Lagarotis Foerster, 1869

Taxonomic History / Nomenclature
Lagarotis Foerster, 1869: 205. Type species: Ichneumon semicaligatus Gravenhorst, 1820. Subsequent designation by Viereck (1914: 81) selected from among several species originally included by Thomson (1892: 1881).

Daspletis Foerster, 1869: 205. Type species: Ichneumon debitor Thunberg, 1822. Subsequent designation by Townes et al. (1965: 254). Monobasic.
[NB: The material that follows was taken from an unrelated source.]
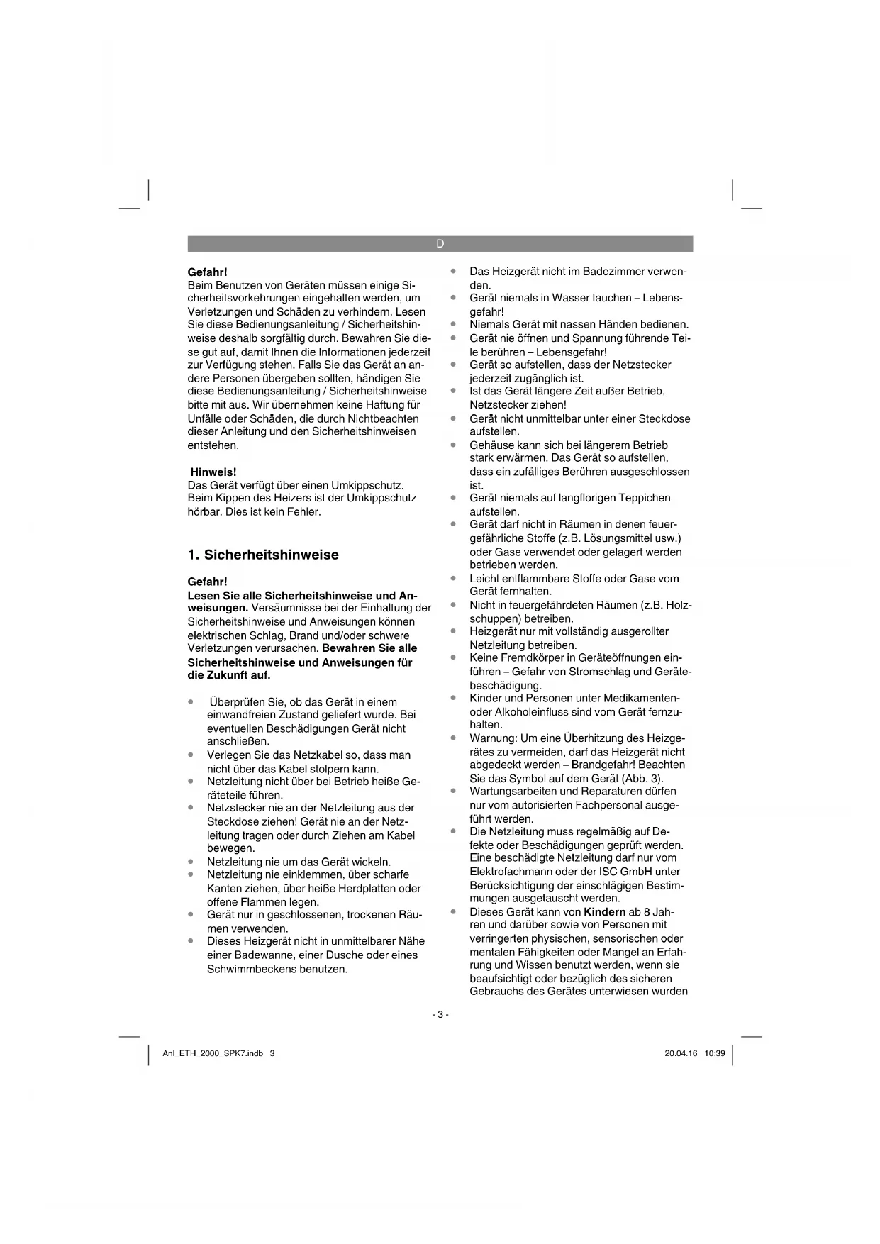 Gefahr! Beim Benutzen von Geräten müssen einige Si- cherheitsvorkehrungen eingehalten werden, um Verletzungen und Schäden zu verhindern. Lesen Sie diese Bedienungsanleitung / Sicherheitshin- weise deshalb sorgfältig durch. Bewahren Sie die- se gut auf, damit Ihnen die Informationen jederzeit zur Verfügung stehen. Falls Sie das Gerät an an- dere Personen übergeben sollten, händigen Sie diese Bedienungsanleitung / Sicherheitshinweise bitte mit aus. Wir übernehmen keine Haftung für Unfälle oder Schäden, die durch Nichtbeachten dieser Anleitung und den Sicherheitshinweisen entstehen. Hinweis! Das Gerät verfügt über einen Umkippschutz. Beim Kippen des Heizers ist der Umkippschutz hörbar. Dies ist kein Fehler.

Synonymized by Townes et al. (1965: 254).

Oneista Foerster, 1869: 207. Type species: Oneista bohemani Kriechbaumer, 1892 [= a junior subjective synonym of Mesoleius ustulata Holmgren, 1857]. Subsequent inclusion by Kriechbaumer, 1892. Monobasic. Synonymized by Roman (1909).

Nythophona Foerster, 1869: 207. Type species: Mesoleius ustulatus Holmgren, 1857. Subsequent designation by Townes et al. (1965: 254). Monobasic. Synonymized by Townes et al. (1965: 254).

Dysantes Foerster, 1869: 207. Type species: Ichneumon debitor Thunberg, 1822. Designated by Perkins (1962: 419). Synonymized by Perkins (1962: 419).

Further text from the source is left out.